**ACTIVITY**
Copy out each line of the material exactly. Pictures do not belong in the copy.

**RECORDED DATA**
* * * * * * *
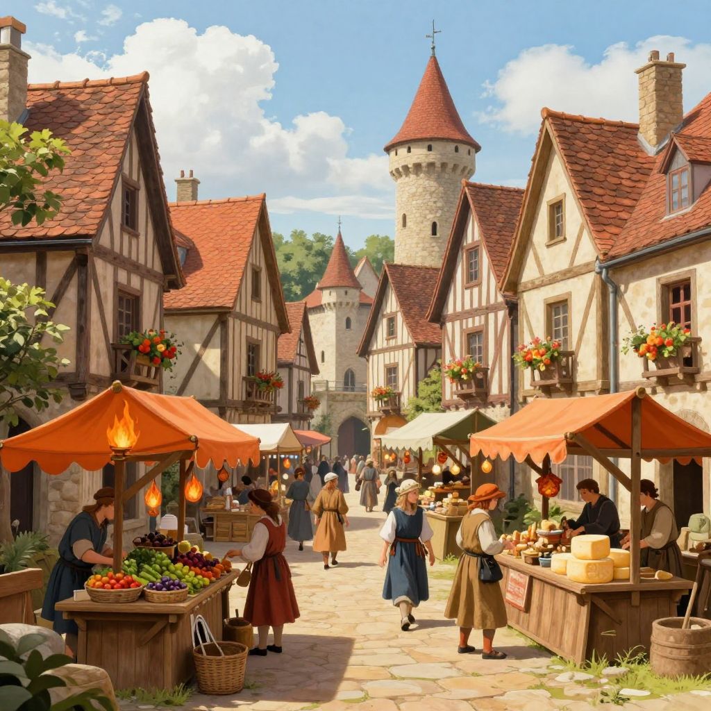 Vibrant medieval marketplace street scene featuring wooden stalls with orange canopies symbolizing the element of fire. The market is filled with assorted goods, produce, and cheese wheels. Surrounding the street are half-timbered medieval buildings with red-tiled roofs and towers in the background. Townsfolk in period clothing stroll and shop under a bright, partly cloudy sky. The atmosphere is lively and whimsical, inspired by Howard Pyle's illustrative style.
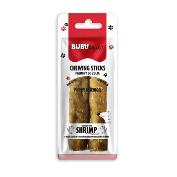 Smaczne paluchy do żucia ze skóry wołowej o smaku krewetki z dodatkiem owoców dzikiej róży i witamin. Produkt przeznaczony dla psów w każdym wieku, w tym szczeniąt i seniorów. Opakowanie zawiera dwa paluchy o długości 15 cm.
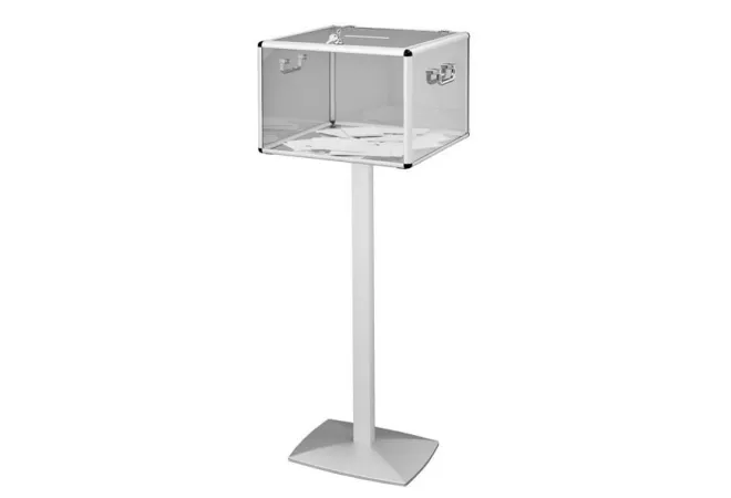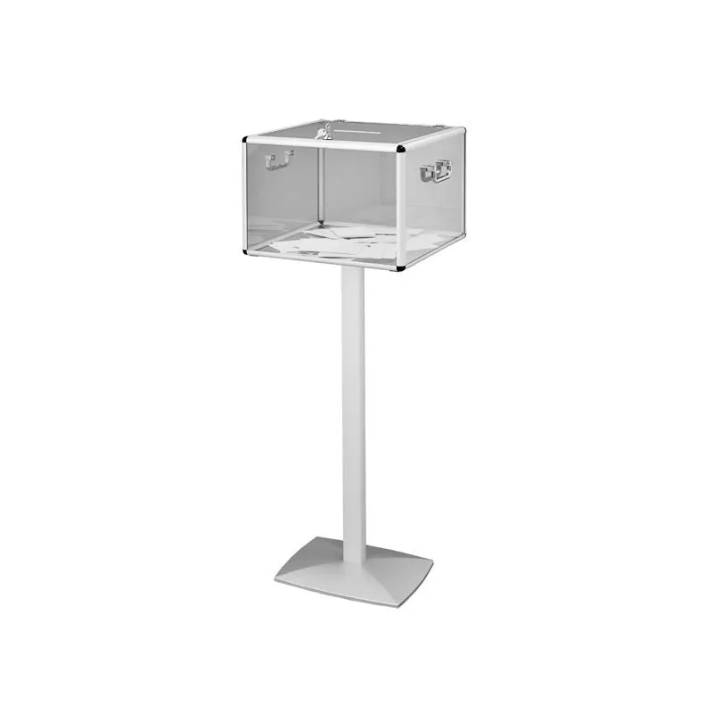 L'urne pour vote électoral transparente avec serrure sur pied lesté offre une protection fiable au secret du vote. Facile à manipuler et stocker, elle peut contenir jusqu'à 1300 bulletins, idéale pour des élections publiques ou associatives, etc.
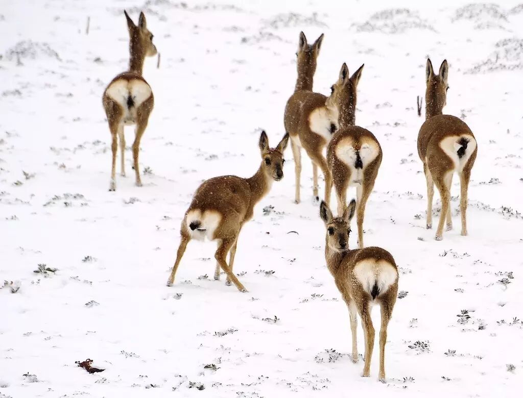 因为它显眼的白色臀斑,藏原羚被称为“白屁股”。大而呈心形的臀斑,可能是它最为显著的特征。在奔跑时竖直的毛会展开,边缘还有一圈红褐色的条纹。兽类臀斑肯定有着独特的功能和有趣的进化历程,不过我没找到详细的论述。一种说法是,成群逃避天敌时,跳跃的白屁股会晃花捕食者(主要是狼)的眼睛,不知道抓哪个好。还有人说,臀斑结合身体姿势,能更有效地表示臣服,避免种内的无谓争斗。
* * * * * * *
**ANSWER TO THIS TASK**
 Vibrant medieval marketplace street scene featuring wooden stalls with orange canopies symbolizing the element of fire. The market is filled with assorted goods, produce, and cheese wheels. Surrounding the street are half-timbered medieval buildings with red-tiled roofs and towers in the background. Townsfolk in period clothing stroll and shop under a bright, partly cloudy sky. The atmosphere is lively and whimsical, inspired by Howard Pyle's illustrative style.
 Smaczne paluchy do żucia ze skóry wołowej o smaku krewetki z dodatkiem owoców dzikiej róży i witamin. Produkt przeznaczony dla psów w każdym wieku, w tym szczeniąt i seniorów. Opakowanie zawiera dwa paluchy o długości 15 cm.
 L'urne pour vote électoral transparente avec serrure sur pied lesté offre une protection fiable au secret du vote. Facile à manipuler et stocker, elle peut contenir jusqu'à 1300 bulletins, idéale pour des élections publiques ou associatives, etc.
 因为它显眼的白色臀斑,藏原羚被称为“白屁股”。大而呈心形的臀斑,可能是它最为显著的特征。在奔跑时竖直的毛会展开,边缘还有一圈红褐色的条纹。兽类臀斑肯定有着独特的功能和有趣的进化历程,不过我没找到详细的论述。一种说法是,成群逃避天敌时,跳跃的白屁股会晃花捕食者(主要是狼)的眼睛,不知道抓哪个好。还有人说,臀斑结合身体姿势,能更有效地表示臣服,避免种内的无谓争斗。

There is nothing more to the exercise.